Sunday, January 15, 2012

Dollars' rise against the euro sets manufacturing pace

Never have so many sat on so much cash.

Looking at the figures – for instance, Apple Computer with $76 billion has more cash reserves than the U.S. Treasury's measly $74 billion – one wonders why those who occupy swivel chairs in corporate suites don't have misaligned spines from sitting on such fat wallets.

That's starting to change. Three wise men from Boston predict that it will only be about 10 percent cheaper to make goods in China – where all those iMacs, MacBookPros and iPhones are made - within the span of the next Presidential administration – that is, by fiscal 2015.

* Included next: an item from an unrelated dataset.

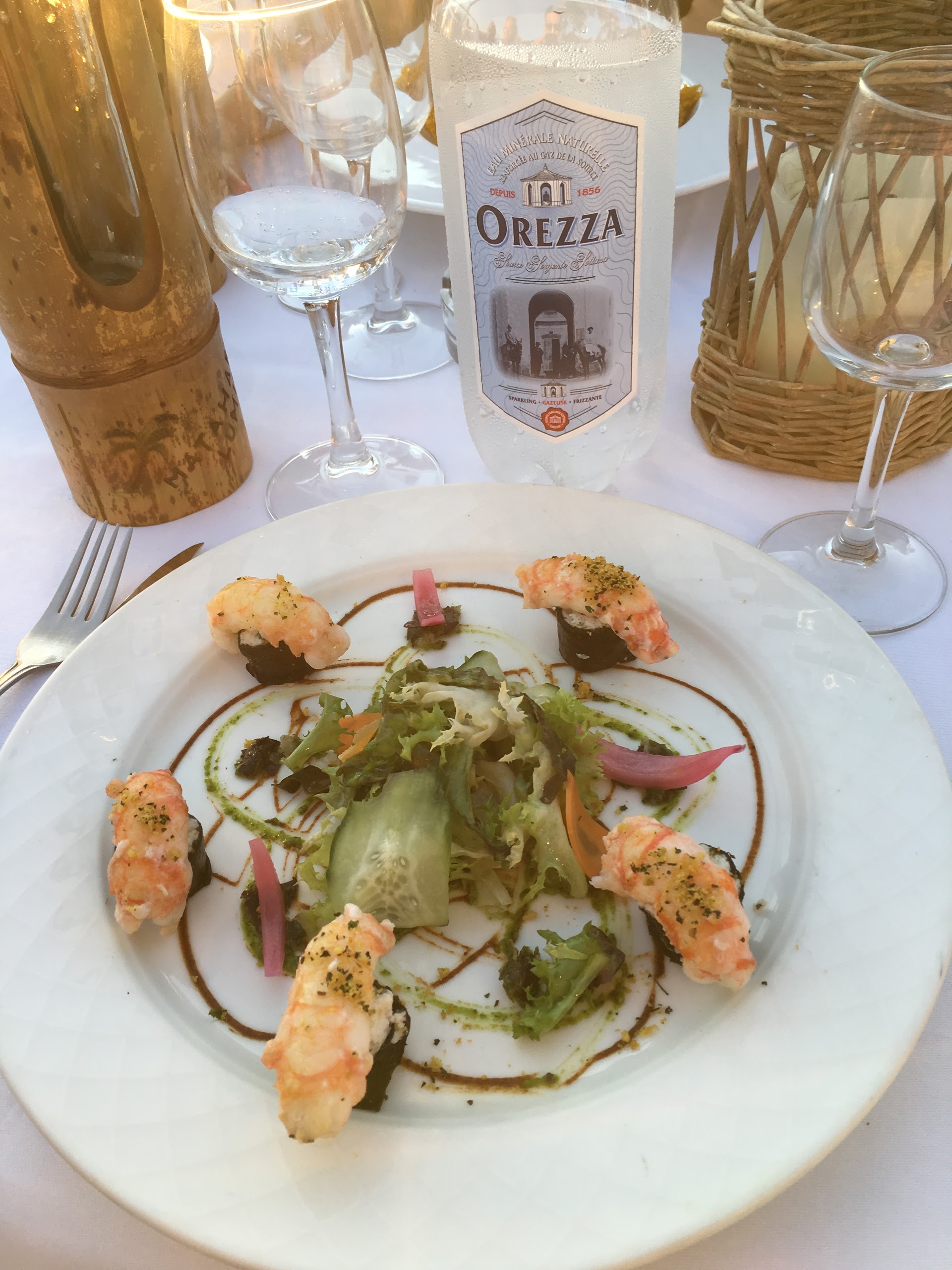 Dîner sur la plage les pied dans le sable, avec un coucher de soleil magnifique… Le rêve. Nous avons en prime très bien mangé, mention spéciale au risotto aux gambas qui était top! Et serveurs très sympa, nous recommandons +++

Harold Sirkin, Michael Zinser and Douglas Hohner of the Boston Consulting Group, have concluded that outsourcing manufacturing to China is not as cheap as it used to be and that The United States is poised to bring back jobs from China. The three consultants first reached this conclusion in a study, “Made in America Again: Why Manufacturing Will Return to the U.S.”

A combination of higher shipping costs, a weaker dollar and the availability of more money are the factors to which they point.


“We have to recognize one thing,” Mr. said in a recent interview. “The average Chinese worker is about a quarter as productive as the average U.S. worker.”

“It’ll be a major impact. Our projections are, when you take the manufacturing jobs and then the service jobs that get created alongside those, that we will add two to three million jobs to the U.S. workforce.”

The study predicts furthermore that wage and benefit increases at 15 to 20 percent per year will reduce the Chinese advantage of cheaper labor from 55 percent to 39 percent by 2015.